■ What is being asked:
Go through the following data and transcribe exactly the stretch of lines from the one holding "BROCHE Rubis, diamants" to the one holding "詳細(xì)信息 QJ-1C,氣動(dòng)管路截止閥", both included.

■ Exercise inputs:
:::
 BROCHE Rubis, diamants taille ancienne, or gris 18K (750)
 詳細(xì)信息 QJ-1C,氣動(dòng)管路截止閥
:::
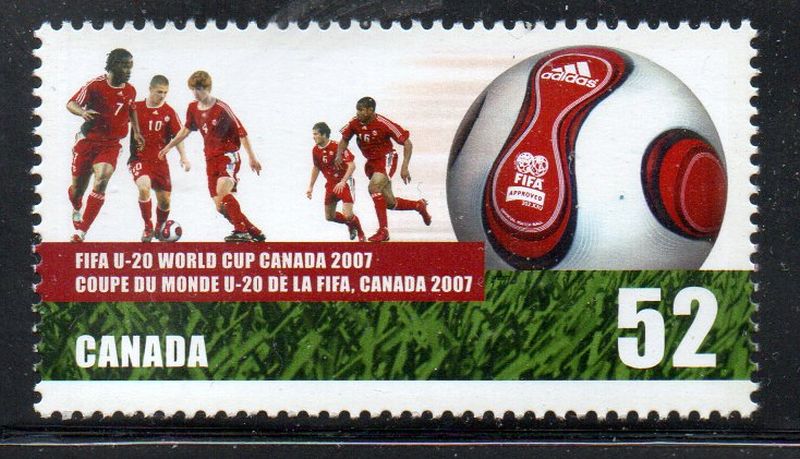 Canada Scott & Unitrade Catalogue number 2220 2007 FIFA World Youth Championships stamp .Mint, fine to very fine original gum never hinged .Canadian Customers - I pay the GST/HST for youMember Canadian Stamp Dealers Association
:::
■ Completed exercise:
 BROCHE Rubis, diamants taille ancienne, or gris 18K (750)
 詳細(xì)信息 QJ-1C,氣動(dòng)管路截止閥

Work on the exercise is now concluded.